No matter. The Hoosiers will enjoy the moment, and beyond.

And then it will face what all championship teams do, some more successfully that others:

The pressure to win it again next year.


In the end, was there any other choice?

Didn’t senior defensive tackle Adam Replogle HAVE to be IU’s football MVP? The guy performed on the field (a team-leading 13.0 tackles for loss and 5.0 sacks, plus 71 total tackles), in the classroom (he was named an Academic All-American) and in team leadership (earning team captainship along with senior center Will Matte).

Earlier Replogle had made second-team All-Big Ten thanks to a vote from conference coaches and media.

Also, safety Greg Heban was named IU's Teammate of the Year, kicker Mitch Ewald was the Special Teams player of the year. Also, tight end Anthony Corsaro and running back Damon Graham were named Outstanding Walk-Ons of the Year. Running back Anthony Davis was named Scout Team Offensive Player of the Year and defensive tackle Michael Mitsch was Defensive Scout Team Player of the Year. Linebacker Griffen Dahlstrom, offensive lineman Bill Ivan and safeties Mark Murphy and Jake Zupancic earned the Academic Excellence Award.


What if Austin Etherington had made his second free throw?

We’ll never know, of course.

An ESPN special on Bo Jackson showed, on the football run that ruined his career, that if he had just gone out of bounds after a big gain, he might have gone on to the kind of two-sport superstar achievement no one could ever match.

But Jackson did not go out of bounds, just like Etherington didn’t make that free throw. So Jackson ran a few more yards, got tackled, tore up his hip and was never the same.

Etherington missed the free throw, so coach Tom Crean couldn’t take him out as he was ready to do. Etherington was in the game seconds later when he bumped knees with Central Connecticut State’s Terrell Allen and fractured his left patella (kneecap).

That was Saturday night. On Sunday morning Etherington had surgery to repair the damage. He’s looking at two months of immobilization and eight more months of rigorous and often painful rehabilitation.

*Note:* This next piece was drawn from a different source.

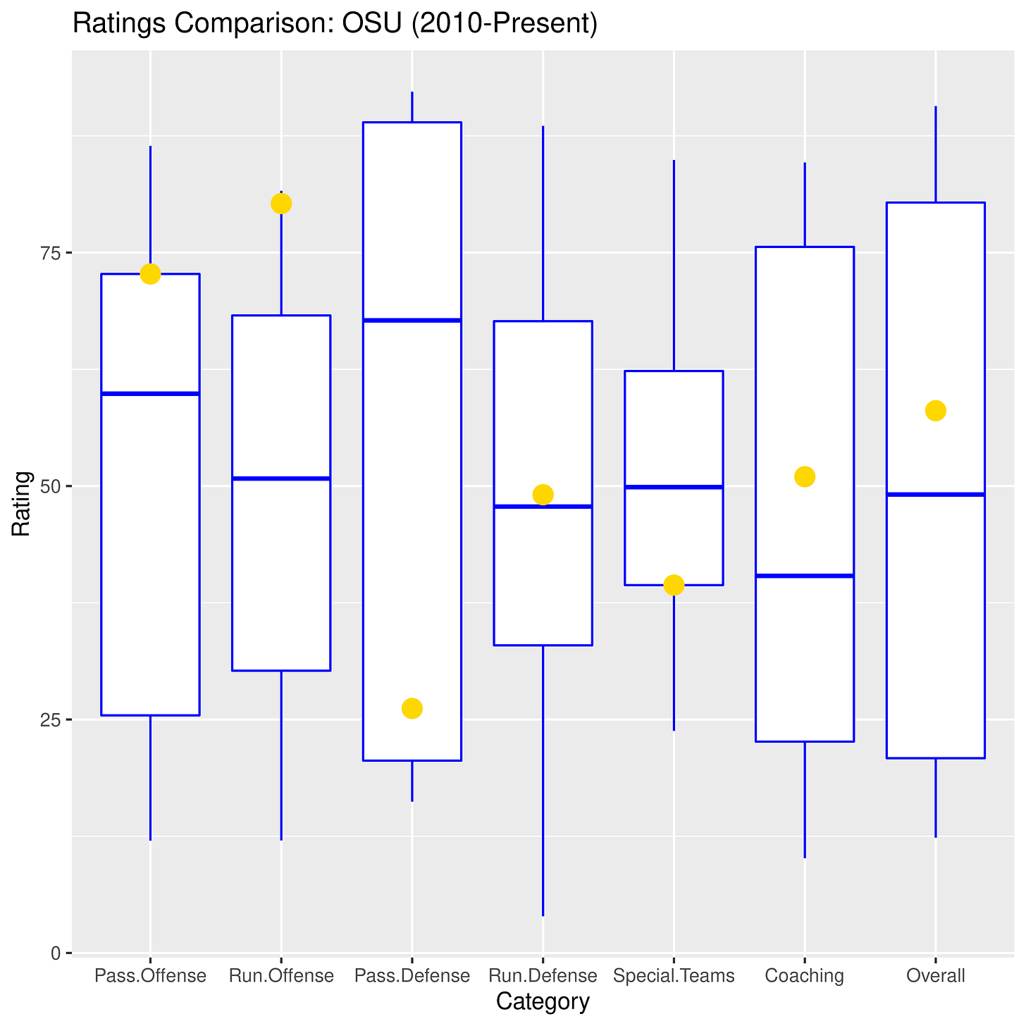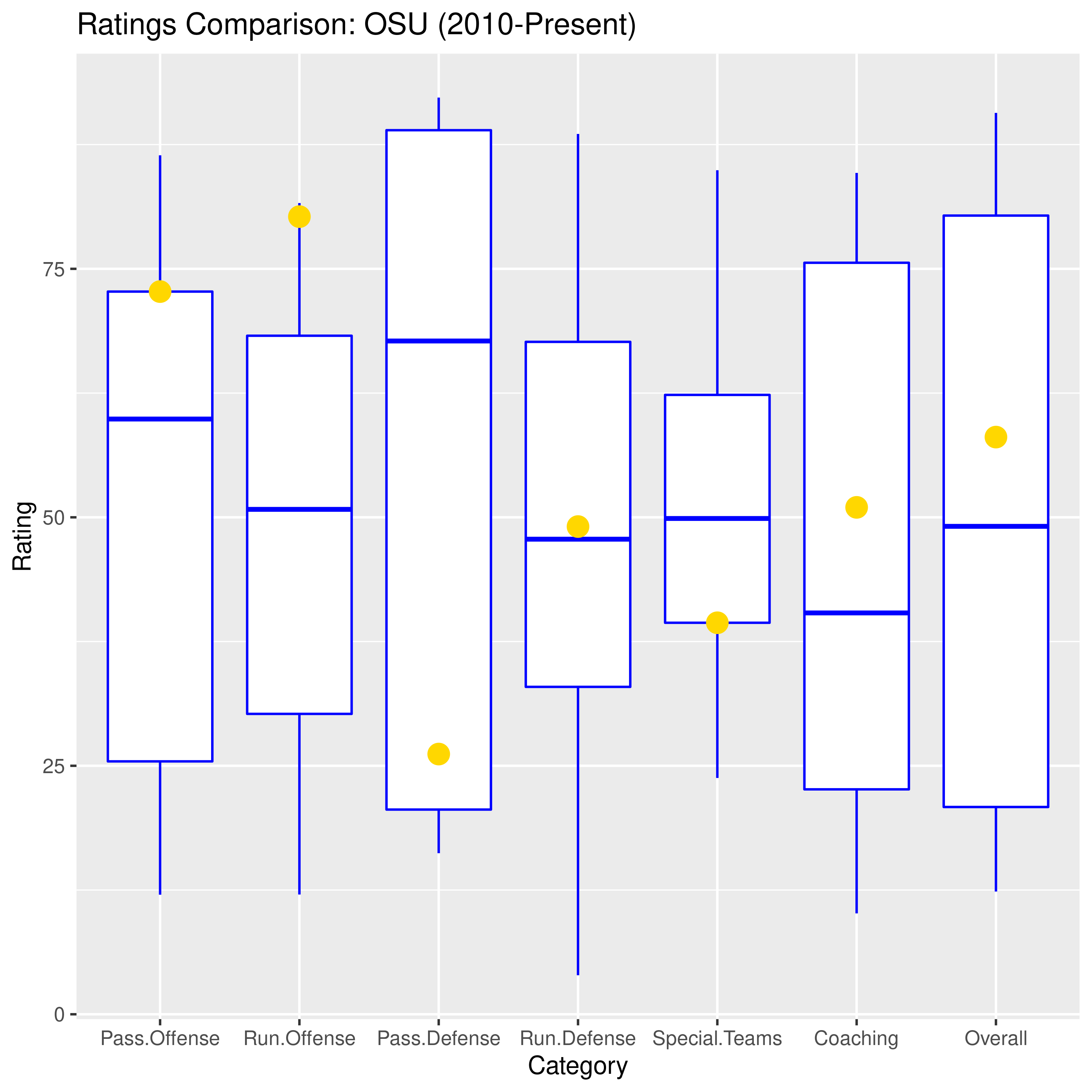 Over the course of this series OSU has been everything from a doormat to a legitimate Pac-12 title contender. As a result, our ratings have huge spreads. Remember, the box in the boxplots below captures the middle 50% of the data.

It’s similar to what teammate Maurice Creek went through a couple of years ago. He returned the next season, although he had lost some leg strength and explosiveness.

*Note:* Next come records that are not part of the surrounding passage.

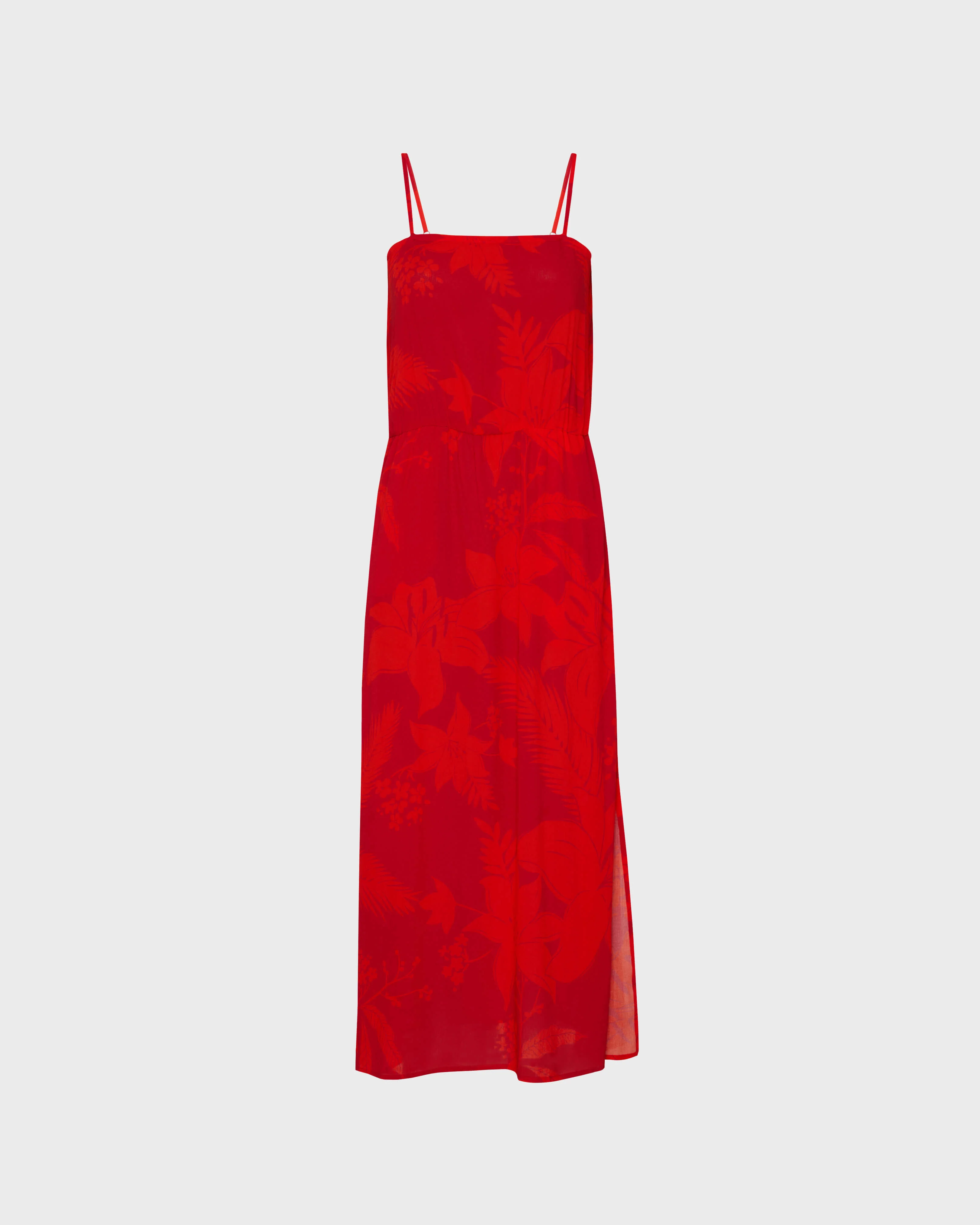 A glamourous day or evening dress adorned with a floral tropical print. Adjustable straps offer the perfect fit and cool viscose ensures just the right amount of flow. Product Information Style: Louane Model: ENACX418-228 Color: LIPSTICK / RED
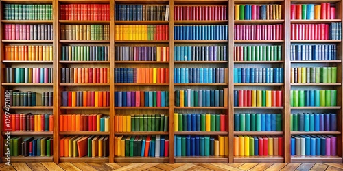 Multi-Colored Bookshelf Adorned with Rainbow of Books
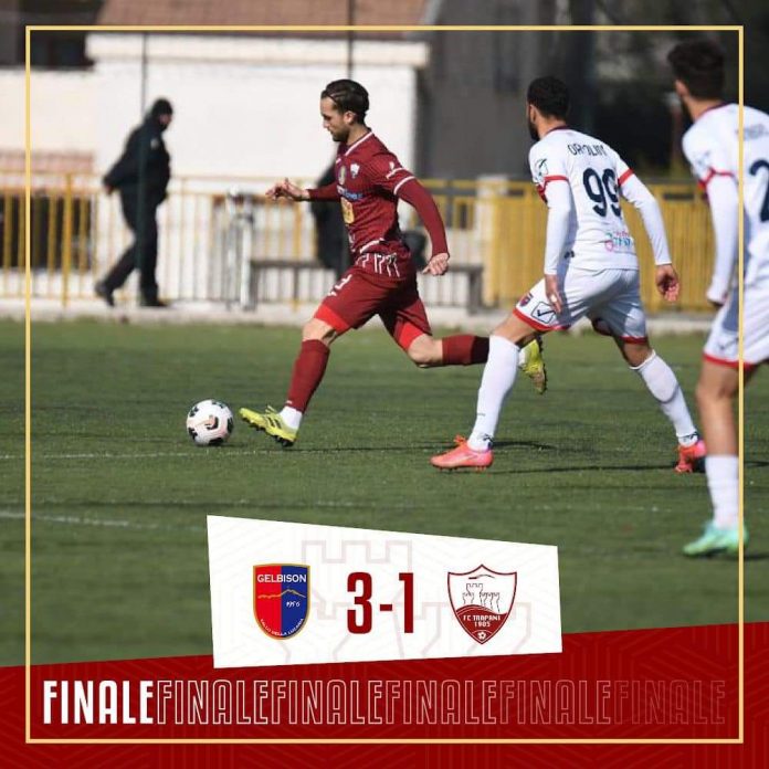 GELBISON (3-4-3): D’Agostino; Gonzalez, Marchetti, Barbetta; Fois (70′ La Gamba), Ambro, Pipolo (75′ Conti), Onda; Oggiano (70′ Di Fiore), Ortolini (66′ Khoris), Gagliardi (64′ Faella). A disp.: Petriccione, D’Angelo, Ferrara, Cardore. All. Esposito.

Etherington has a chance to do Creek better. IU certainly has the medical and training staff to help him do that, if he’s willing to pay the price.

Etherington was not having a memorable season. He averaged 2.2 points and 1.8 rebounds in 7.5 minutes. That playing time might well have plunged now that freshman forwards Peter Jurkin and Hanner Perea are eligible, with senior forward Derek Elston expected back soon from his own knee surgery.

Etherington was supposed to replace Matt Roth as IU’s off-the-bench three-point-shooting threat. It didn’t happen. He was 1-for-3 from beyond the arc for the season, 3-for-11 for his career.

Nothing was said about that in the IU release that revealed Etherington’s status for the rest of the season.

“Anytime you lose a valued member of your program it not only hurts the team, but also everyone’s hearts,” Crean said in the release. “Austin has been doing an excellent job improving and now we have to help him overcome this setback and move forward.

“Our players have experience in this area and everyone is looking forward to helping him recover. As serious as his injury was, we are thankful that it was not worse. We have such an outstanding medical team I could not imagine going through something like this without them. We are fortunate to have them.”